======== Task inputs ========

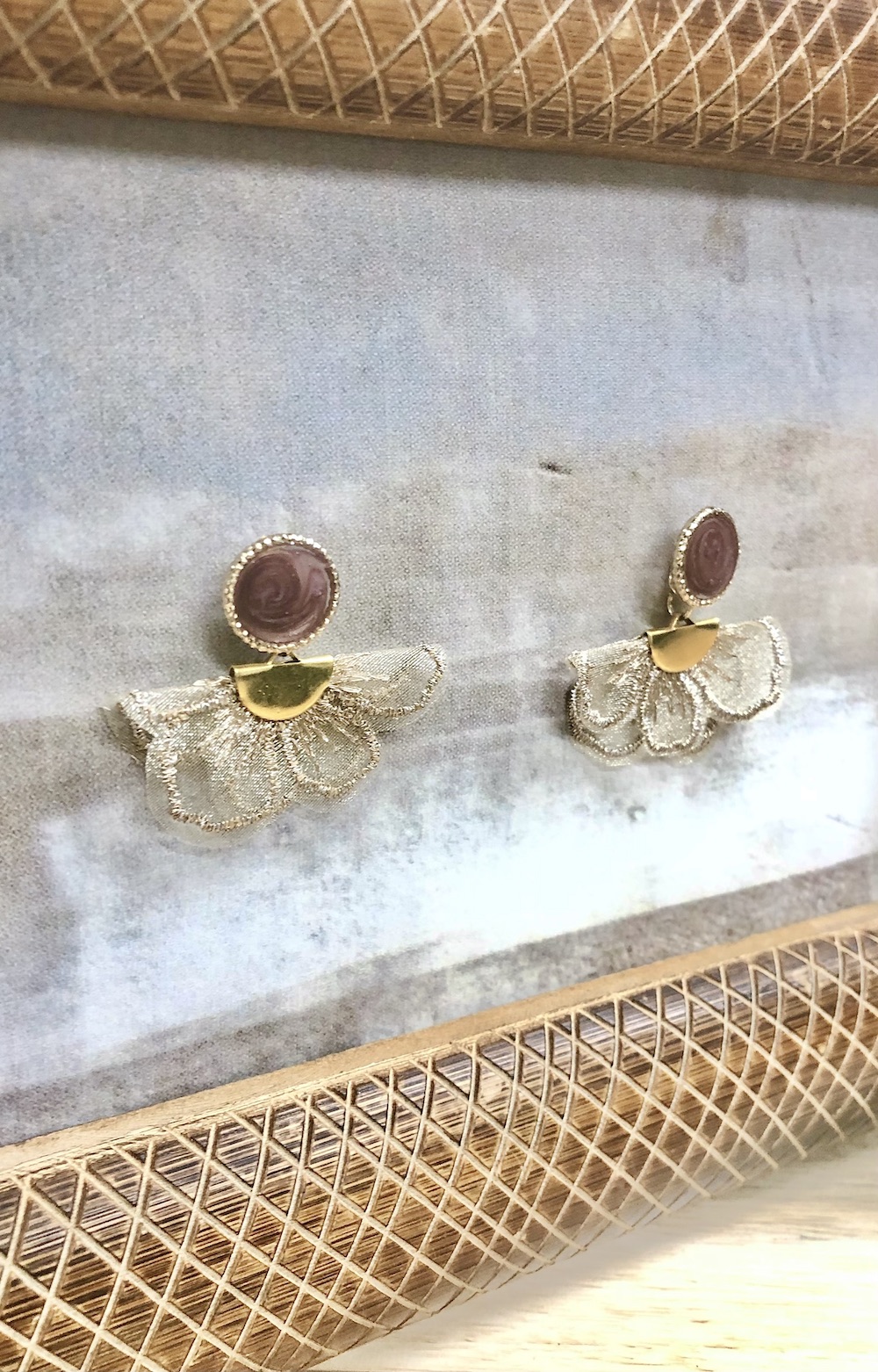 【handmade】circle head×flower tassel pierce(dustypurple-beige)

========
======== Task inputs ========

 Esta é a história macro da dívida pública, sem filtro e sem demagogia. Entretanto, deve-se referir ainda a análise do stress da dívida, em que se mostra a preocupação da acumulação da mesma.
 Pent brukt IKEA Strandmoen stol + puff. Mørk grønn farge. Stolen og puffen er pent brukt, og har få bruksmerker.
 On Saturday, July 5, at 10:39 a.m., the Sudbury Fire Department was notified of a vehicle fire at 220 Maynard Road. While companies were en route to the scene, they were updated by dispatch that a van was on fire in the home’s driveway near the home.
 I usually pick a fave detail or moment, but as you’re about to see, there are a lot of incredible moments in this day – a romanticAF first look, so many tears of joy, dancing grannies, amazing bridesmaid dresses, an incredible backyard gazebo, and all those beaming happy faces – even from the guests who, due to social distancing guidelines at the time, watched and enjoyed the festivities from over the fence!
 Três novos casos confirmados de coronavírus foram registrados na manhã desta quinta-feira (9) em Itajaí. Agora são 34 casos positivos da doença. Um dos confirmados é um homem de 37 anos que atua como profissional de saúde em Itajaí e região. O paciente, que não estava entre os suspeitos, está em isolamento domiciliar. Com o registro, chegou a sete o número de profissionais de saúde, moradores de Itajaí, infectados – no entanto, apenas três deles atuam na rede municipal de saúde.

========

What you need to do =>
Taking the records above, retype every line from the one with "Esta é a história" down to the one with "I usually pick", exactly and with nothing else.

Answer below =>
 Esta é a história macro da dívida pública, sem filtro e sem demagogia. Entretanto, deve-se referir ainda a análise do stress da dívida, em que se mostra a preocupação da acumulação da mesma.
 Pent brukt IKEA Strandmoen stol + puff. Mørk grønn farge. Stolen og puffen er pent brukt, og har få bruksmerker.
 On Saturday, July 5, at 10:39 a.m., the Sudbury Fire Department was notified of a vehicle fire at 220 Maynard Road. While companies were en route to the scene, they were updated by dispatch that a van was on fire in the home’s driveway near the home.
 I usually pick a fave detail or moment, but as you’re about to see, there are a lot of incredible moments in this day – a romanticAF first look, so many tears of joy, dancing grannies, amazing bridesmaid dresses, an incredible backyard gazebo, and all those beaming happy faces – even from the guests who, due to social distancing guidelines at the time, watched and enjoyed the festivities from over the fence!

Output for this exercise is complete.